Work order
Once you reach the line with "LED Downlight AT04L" in the material below, copy each line exactly up to and including the line with "浜田産の鰹にリンゴとセロリのソースとナッツが入っていて、", and skip the pictures.

━━ Data shown

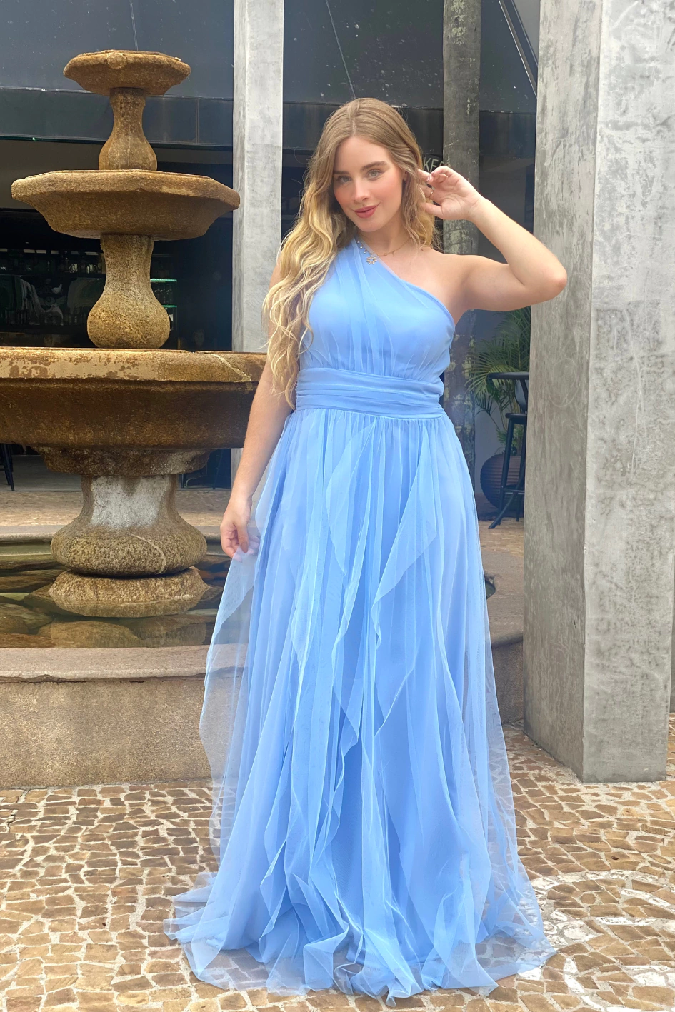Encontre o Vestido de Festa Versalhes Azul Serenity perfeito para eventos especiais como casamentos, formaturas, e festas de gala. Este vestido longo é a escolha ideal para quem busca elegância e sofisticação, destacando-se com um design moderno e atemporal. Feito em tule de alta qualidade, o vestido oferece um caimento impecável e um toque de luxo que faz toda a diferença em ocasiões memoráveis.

━━━━
━━ Data shown

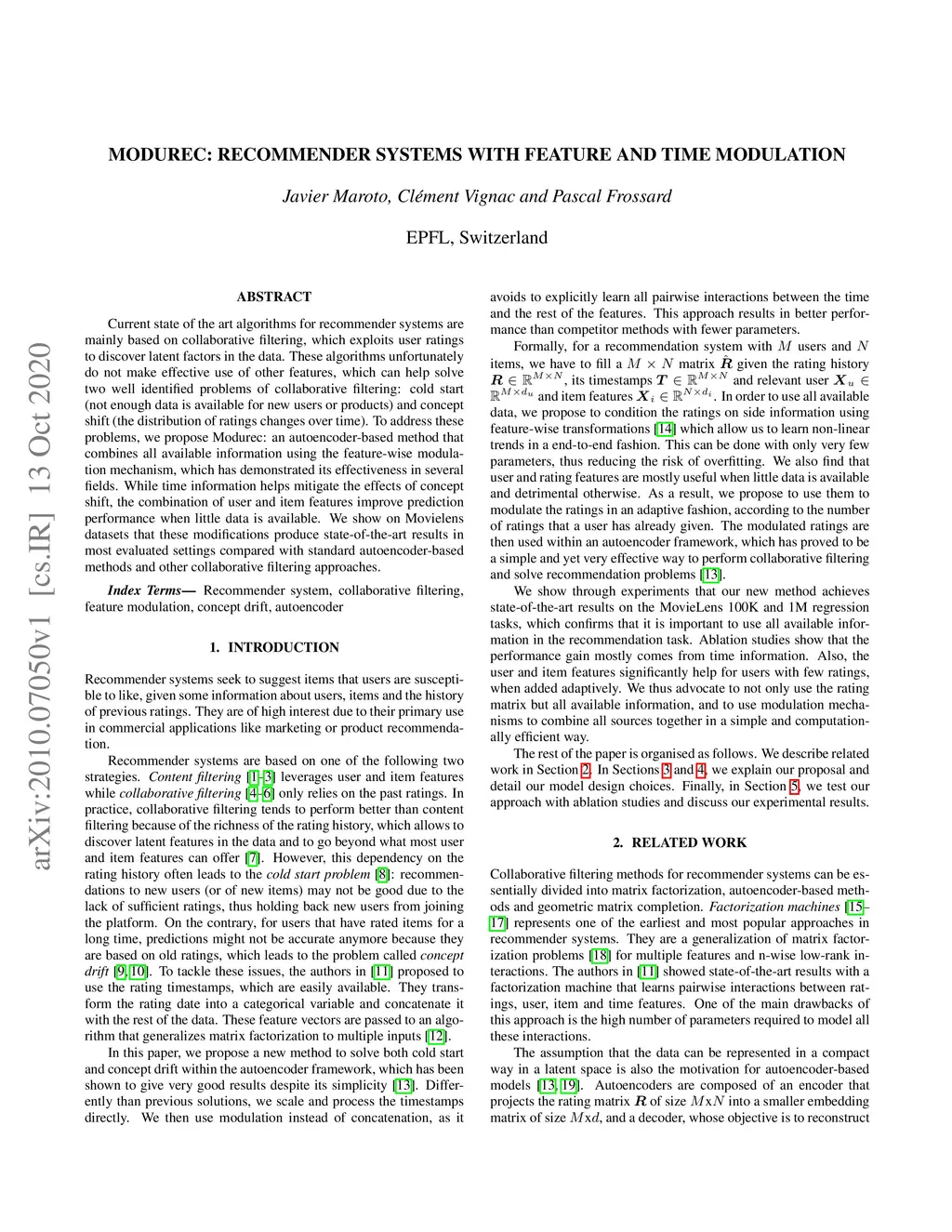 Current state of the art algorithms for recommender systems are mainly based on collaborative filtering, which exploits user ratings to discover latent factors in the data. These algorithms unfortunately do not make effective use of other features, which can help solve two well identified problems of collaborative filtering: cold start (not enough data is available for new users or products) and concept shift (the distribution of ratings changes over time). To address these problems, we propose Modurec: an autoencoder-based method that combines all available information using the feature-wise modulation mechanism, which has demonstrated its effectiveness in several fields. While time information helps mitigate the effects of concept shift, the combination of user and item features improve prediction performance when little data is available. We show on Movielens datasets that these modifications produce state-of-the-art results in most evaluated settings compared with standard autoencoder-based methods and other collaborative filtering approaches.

━━━━
━━ Data shown

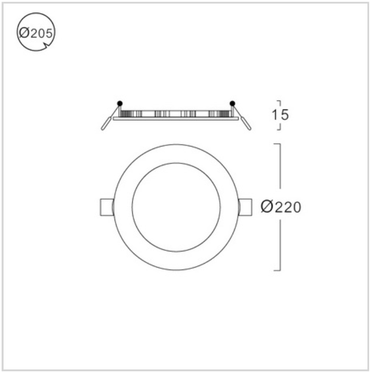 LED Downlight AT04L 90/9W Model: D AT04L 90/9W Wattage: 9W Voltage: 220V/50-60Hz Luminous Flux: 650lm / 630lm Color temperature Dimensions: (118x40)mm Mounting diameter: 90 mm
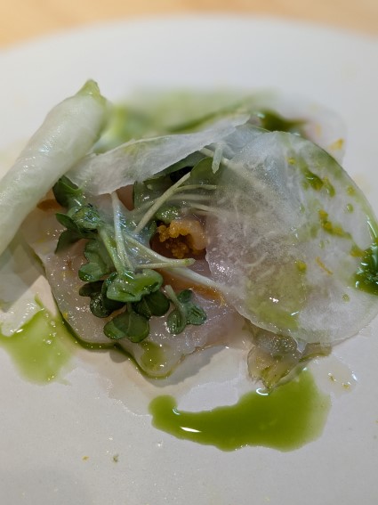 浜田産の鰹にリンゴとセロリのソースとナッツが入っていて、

━━━━

Reply
 LED Downlight AT04L 90/9W Model: D AT04L 90/9W Wattage: 9W Voltage: 220V/50-60Hz Luminous Flux: 650lm / 630lm Color temperature Dimensions: (118x40)mm Mounting diameter: 90 mm
 浜田産の鰹にリンゴとセロリのソースとナッツが入っていて、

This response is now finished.